-- WORK ITEM --
Your answer should consist only of the records, copied exactly, with the images removed.

Start of Block

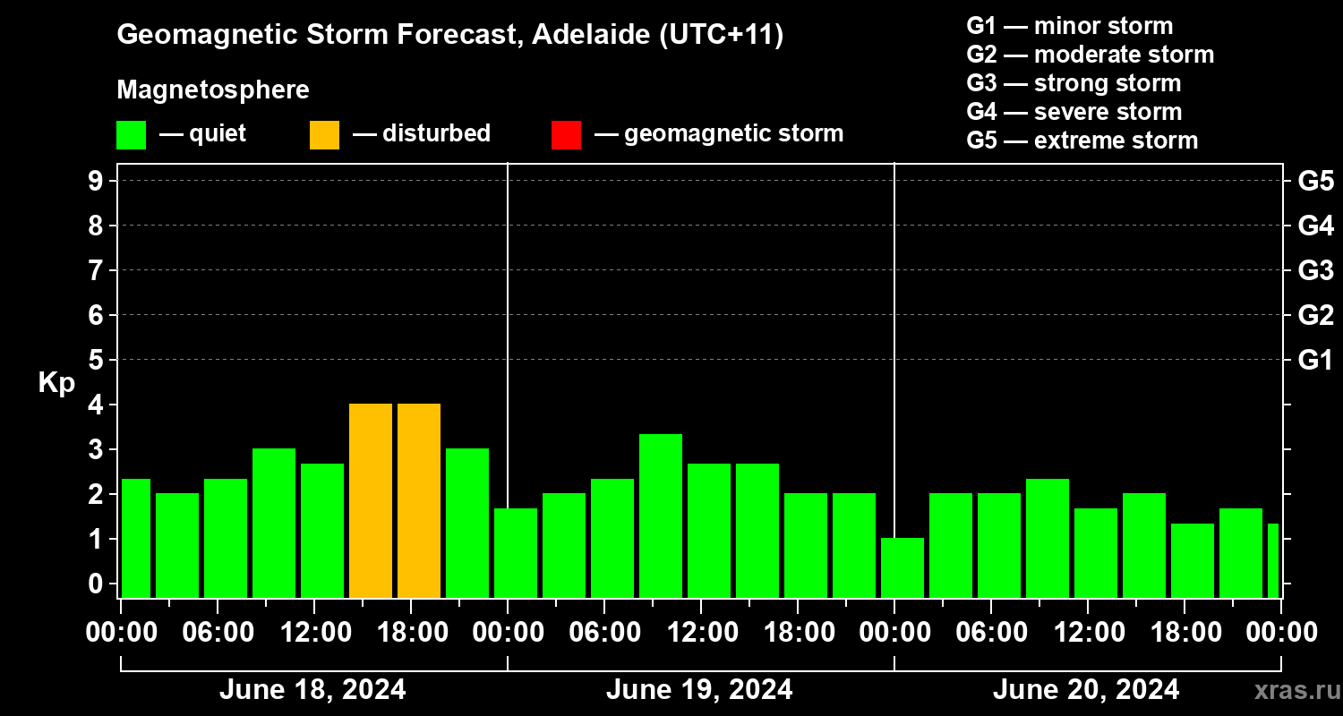 Geomagnetic storm forecast in Adelaide for Jun 18, 2024
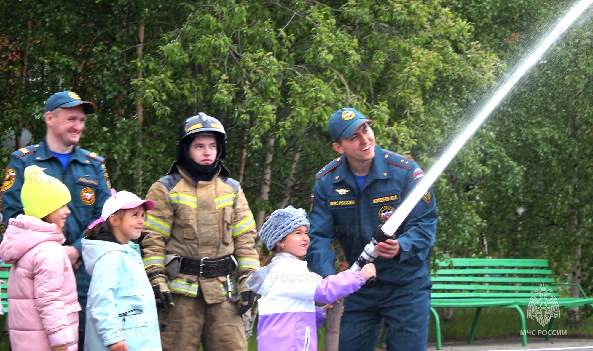 Несмотря на прохладную погоду, экскурсию начали на полосе психологической подготовки пожарных. Ребята вместе с бойцами «сдали» норматив «боевое развертывание от пожарной автоцистерны с подачей ствола первой помощи с использованием рукавной линии» с подачей воды. Это одно из любимейших упражнений детворы, так как можно «пострелять» водой из настоящего пожарного ствола!
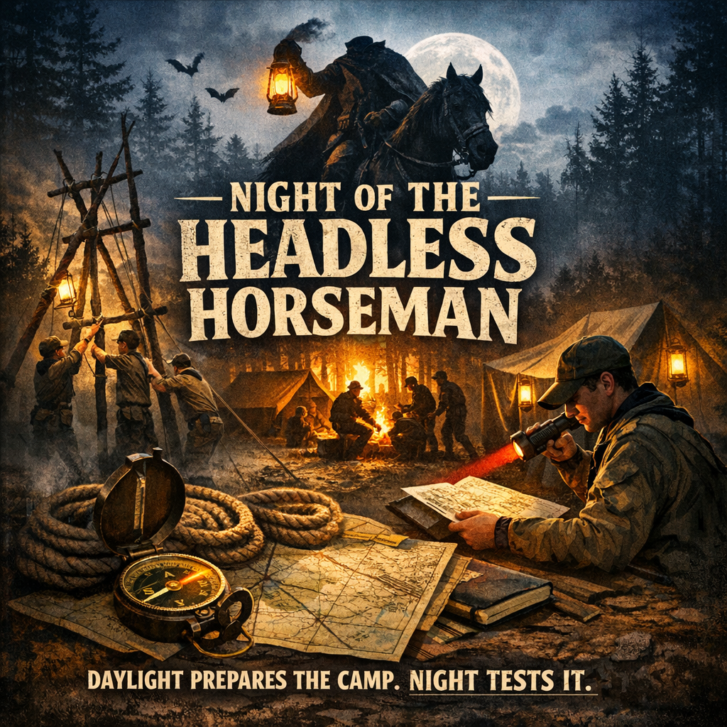 Patrols will train, build, navigate, and compete through structured daytime challenges designed to sharpen real Scout skills — leadership, first aid, pioneering, navigation, marksmanship, and teamwork under pressure.
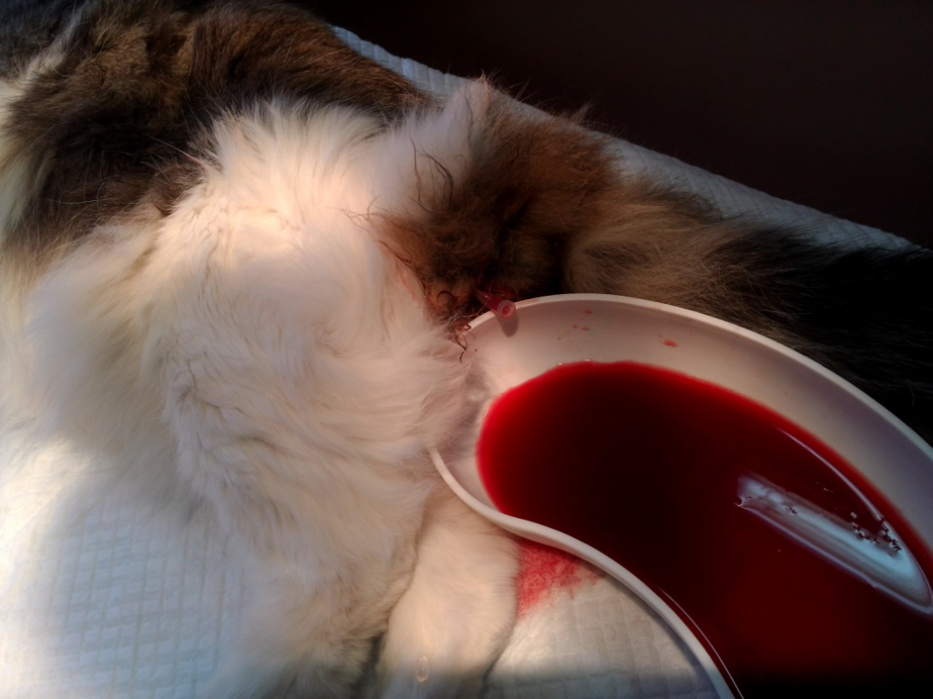 Нередко назначают клубничный сок по одной чайной ложке, отварную тыкву, горячую ванну на десять минут (кота осторожно опускают в воду до области сердца)
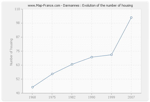 The number of housing of Darmannes was 103 in 2007, 72 in 1999, 70 in 1990, 64 in 1982, 56 in 1975 and 45 in 1968.

End of Block

-- THE COMPLETED TASK --
 Geomagnetic storm forecast in Adelaide for Jun 18, 2024
 Несмотря на прохладную погоду, экскурсию начали на полосе психологической подготовки пожарных. Ребята вместе с бойцами «сдали» норматив «боевое развертывание от пожарной автоцистерны с подачей ствола первой помощи с использованием рукавной линии» с подачей воды. Это одно из любимейших упражнений детворы, так как можно «пострелять» водой из настоящего пожарного ствола!
 Patrols will train, build, navigate, and compete through structured daytime challenges designed to sharpen real Scout skills — leadership, first aid, pioneering, navigation, marksmanship, and teamwork under pressure.
 Нередко назначают клубничный сок по одной чайной ложке, отварную тыкву, горячую ванну на десять минут (кота осторожно опускают в воду до области сердца)
 The number of housing of Darmannes was 103 in 2007, 72 in 1999, 70 in 1990, 64 in 1982, 56 in 1975 and 45 in 1968.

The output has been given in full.